What is the equation of the tangent plane to a surface at a specific point?

[Pengwuino]

Ok i need a lil help here.. i got this question I am not sure how to do

Find the equation of the tangent plane to the surface 7z+7=x(e^y)cos(z) at the point (7,0,0). Any know this?

 

[dextercioby]

The equation of the plane is x=0...(the plane yOz)...

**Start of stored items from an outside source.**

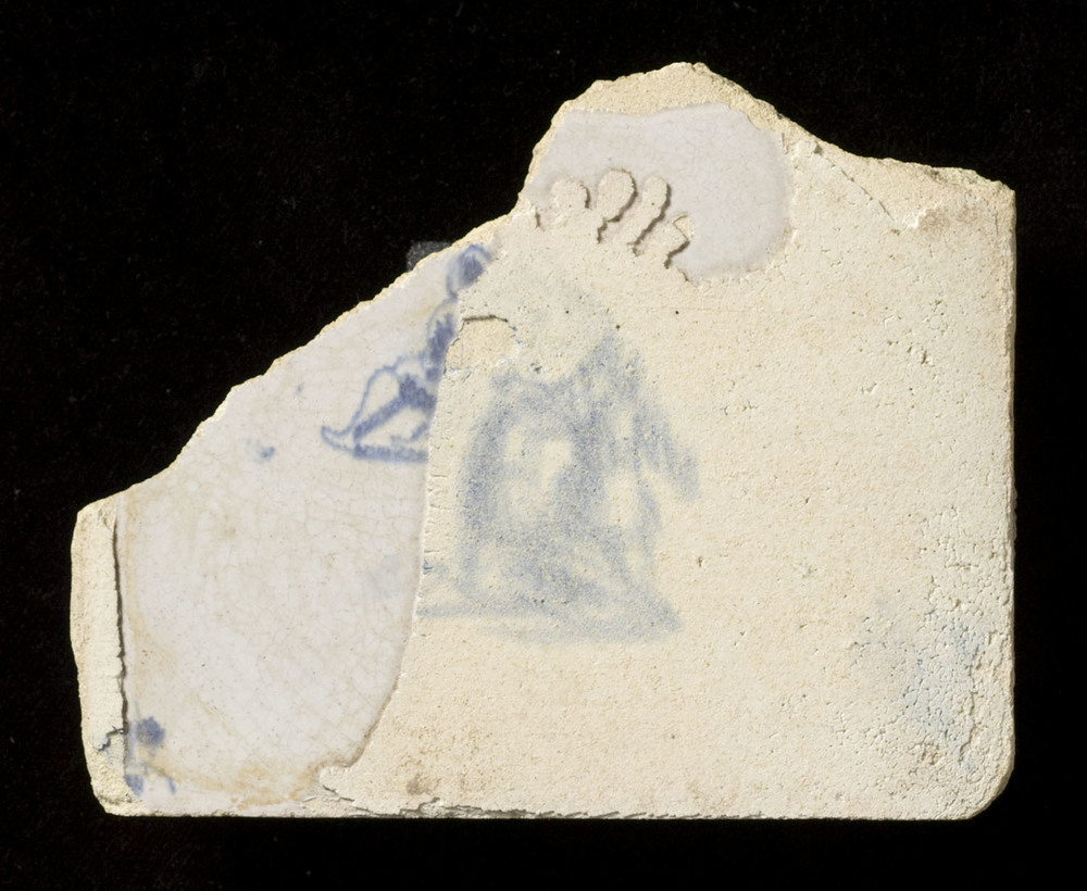 Tegel van keramiek, tinglazuur, voorstellende onduid...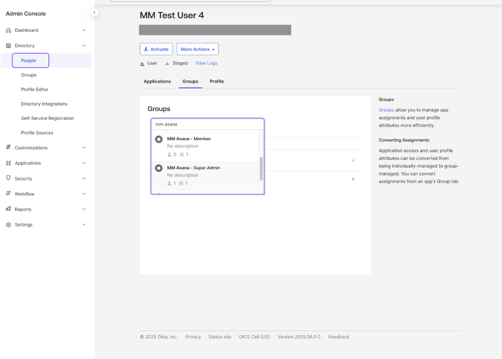 Asana obsługuje obecnie jedną rolę na użytkownika. Gdy użytkownicy są przypisani do wielu ról (tj. administratora i członka) w Okta, rola, którą otrzymują, będzie domyślnie przypisana do grupy ról o najwyższym priorytecie. Sugerujemy, aby role z wyższymi uprawnieniami znajdowały się wyżej na liście priorytetów, tak aby w przypadku, gdy użytkownik jest zarówno członkiem, jak i administratorem, jego domyślną rolą był administrator. Jeśli masz skonfigurowane role niestandardowe, umieść rolę niestandardową z większą liczbą uprawnień wyżej na liście priorytetów. W aplikacji Asana w sekcji „Applications” (Aplikacje) przejdź do sekcji „Assignments” (Przypisania), a następnie „Groups” (Grupy). Zmień kolejność grup według priorytetu, używając uchwytu z boku karty.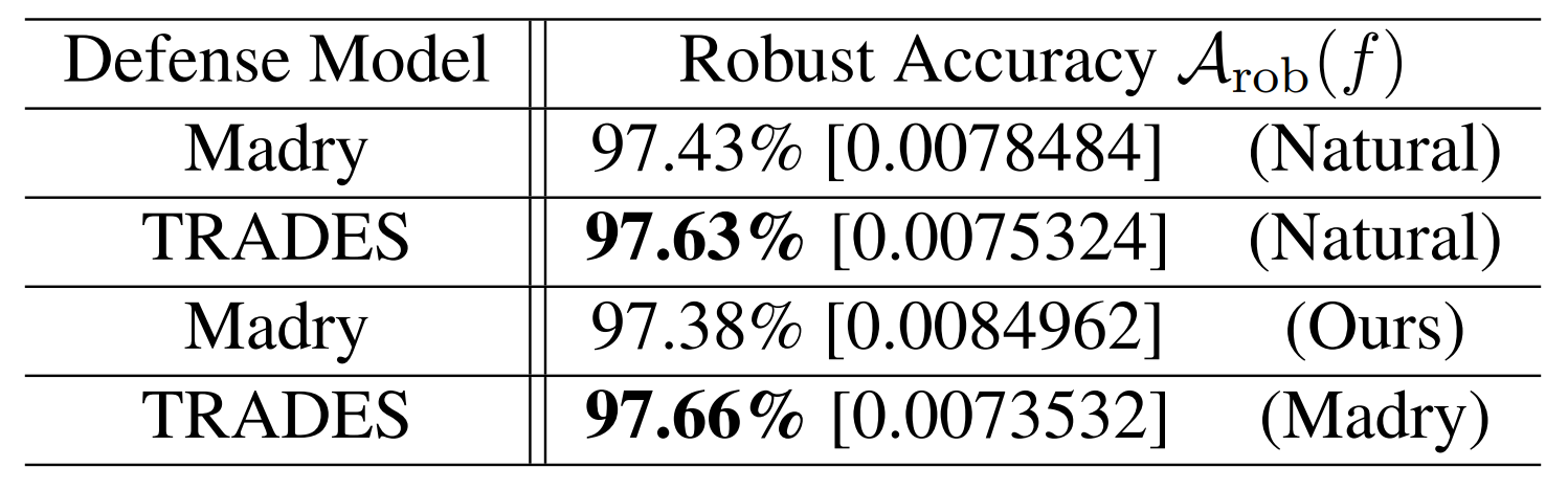 MNIST를 분류하는 task는 CIFAR10보다 더 쉽기 때문에 natural accuracy 감소폭은 상대적으로 작습니다. 저자들은 이를 통해 robustness와 accuracy 사이의 trade-off가 이론뿐 아니라 실제 데이터셋에서도 관찰된다고 주장합니다.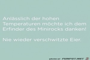 | Minirock Bild (32.29 KB) 2Lustiges → klasse Sprüche und Witze Hitze, sommer, minirock, lustig | Lustiges → klasse Sprüche und Witze | 01.07.22-17:34 | Marisa | |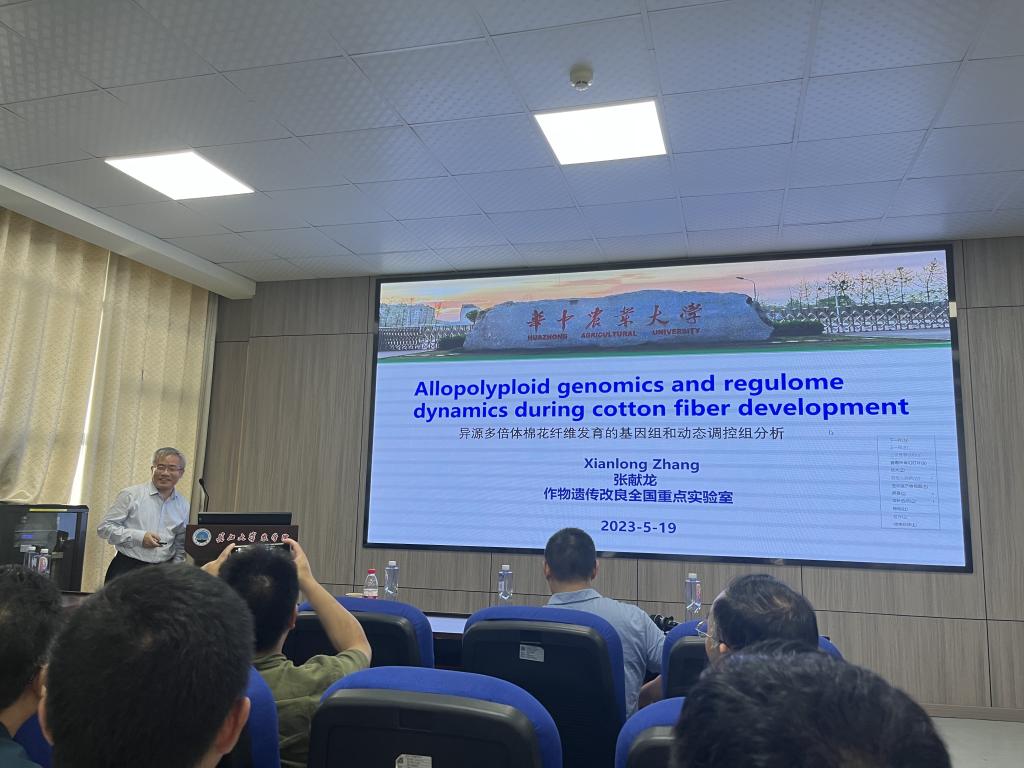 (通讯员 柴梦莹)奋力奔跑二十载,筑梦振兴向未来。5月19日下午,我院特邀华中农业大学棉花育种团队张献龙、金双侠两位教授作学术报告。报告分别由我院李俊凯教授、陈仲华教授主持,在西校区农科大楼3073报告厅举办,学院上百名师生参加。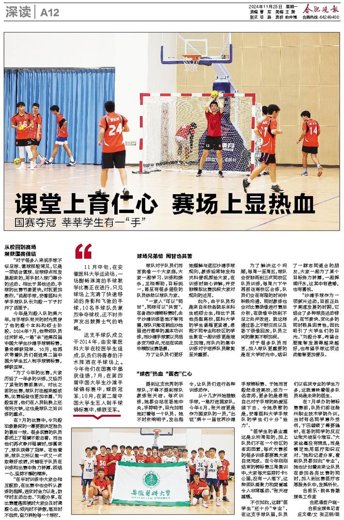 合肥晚报:课堂上育仁心 赛场上显热血——国赛夺冠 莘莘学生有一“手”

Compute the normal vector to the surface in the point (0,0,7).Show it is \vec{i}.

Daniel.

 

[thepatientmental]

The equation of the tangent plane to a surface at a specific point is given by the formula:

z = f(a,b) + fx(a,b)(x-a) + fy(a,b)(y-b)

where f(a,b) is the value of the surface at the point (a,b) and fx(a,b) and fy(a,b) are the partial derivatives of the surface with respect to x and y at the point (a,b), respectively.

In this case, we are given the surface 7z+7=x(e^y)cos(z) and the point (7,0,0). We can find the partial derivatives by taking the derivative of the surface with respect to x and y:

fx = e^y*cos(z)
fy = -x*e^y*sin(z)

At the given point (7,0,0), we have:

f(7,0) = 7(0) + 7 = 7
fx(7,0) = e^0*cos(0) = 1
fy(7,0) = -7*e^0*sin(0) = 0

Substituting these values into the formula for the tangent plane, we get:

z = 7 + (1)(x-7) + (0)(y-0)
or simply,
z = 7 + x - 7
z = x

Therefore, the equation of the tangent plane to the surface 7z+7=x(e^y)cos(z) at the point (7,0,0) is z = x.